Monsignor Jorge Ignacio García Cuerva, the new Archbishop of Buenos Aires, marked Saint Cajetan’s Day last Monday with a sermon underlining the impact of inflation on wages, alerting: “What goes into your pocket is eaten up by damned inflation … the insecurity of not having a future of hope for children and grandchildren. We’re asking the saint for bread because although many have work, it is not enough.” The primate’s message to thousands outside the Liniers church dedicated to the saint was echoed the previous day by Argentine Synod head Monsignor Oscar Ojea, who spoke when holding Sunday mass of “so many workers not making it to the end of the month,” especially in the “popular economy.” Their words came just a couple of days after INDEC national statistics bureau had announced that those below the poverty line had risen from 34.2 to 38.7 percent of the population with the destitute up from 8.2 to 8.9 percent.

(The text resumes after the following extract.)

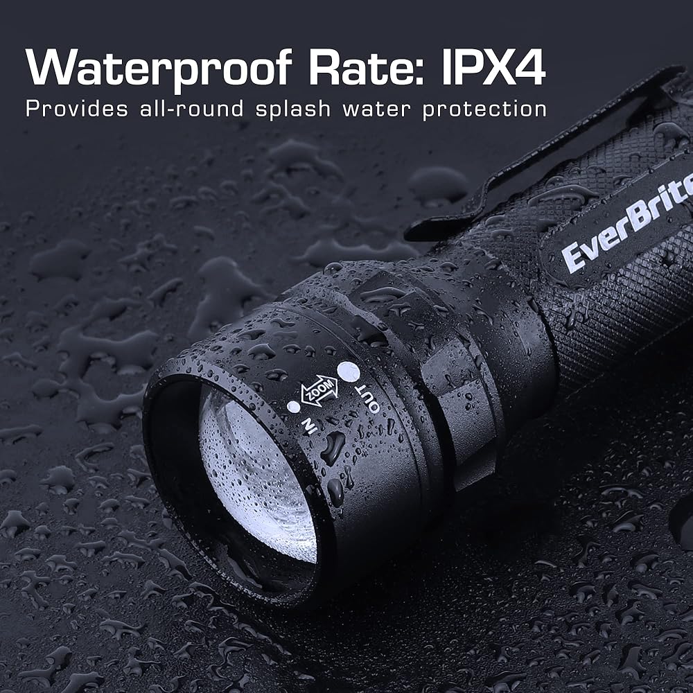 Everbrite 400 Lumens المصباح المصباح المصباح المصباح المصباح ، مصباح يدوي قابل للتكبير مع الحبل والمقطع ، 4 أوضاع ، مقاومة للماء IPX4 ، للتخييم ، الطوارئ ، EDC ، استخدام البقاء ، البطاريات المشمولة
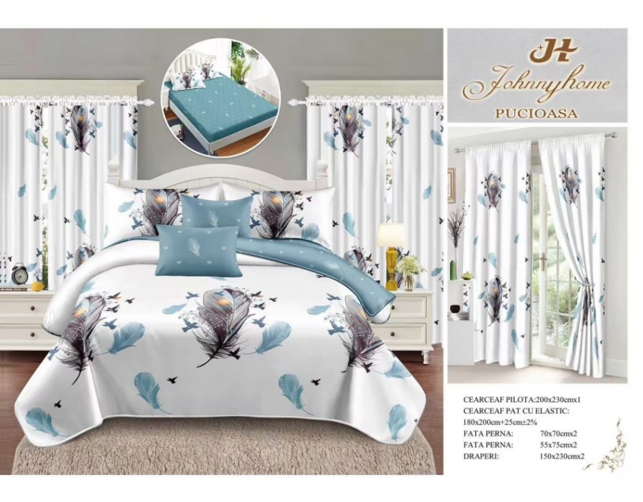 Lenjeria este imprimata in totalitate si coincide cu poza de prezentare. Cearceaful de pilota are 2 fete. Imprimeurile de pe fetele de perna pot fi diferite fata de poza de prezentare in functie de cum este taiat materialul in procesul de croire. Pot fi mici diferente de nuanta, in functie de pe ce ecran vizualizati fotografia(telefon, tablena, laptop, monitor, etc)

The saint’s day was preceded the previous evening by a vigil with fireworks and a music festival for the thousands camping in the vicinity of the Liniers church to await the celebration of the saint of peace, bread and work.

 

DON’T SLEEP ON THE HIGHWAY!

The “Conquistadora del Desierto” highway (Ruta Provincial 20) crisscrossing the province of La Pampa has earned the reputation of being Argentina’s most dangerous because it has no curves in 200 kilometres of monotonous landscape nor service sessions or hotels, causing drivers to fall asleep at the wheel with a double-digit annual death toll. Added to these dangers of what is also nicknamed “Ruta de la Muerte” are extreme temperatures of over 40 degrees in summer and almost -20 degrees in winter. The highway is a key road for connecting the national capital with Patagonia.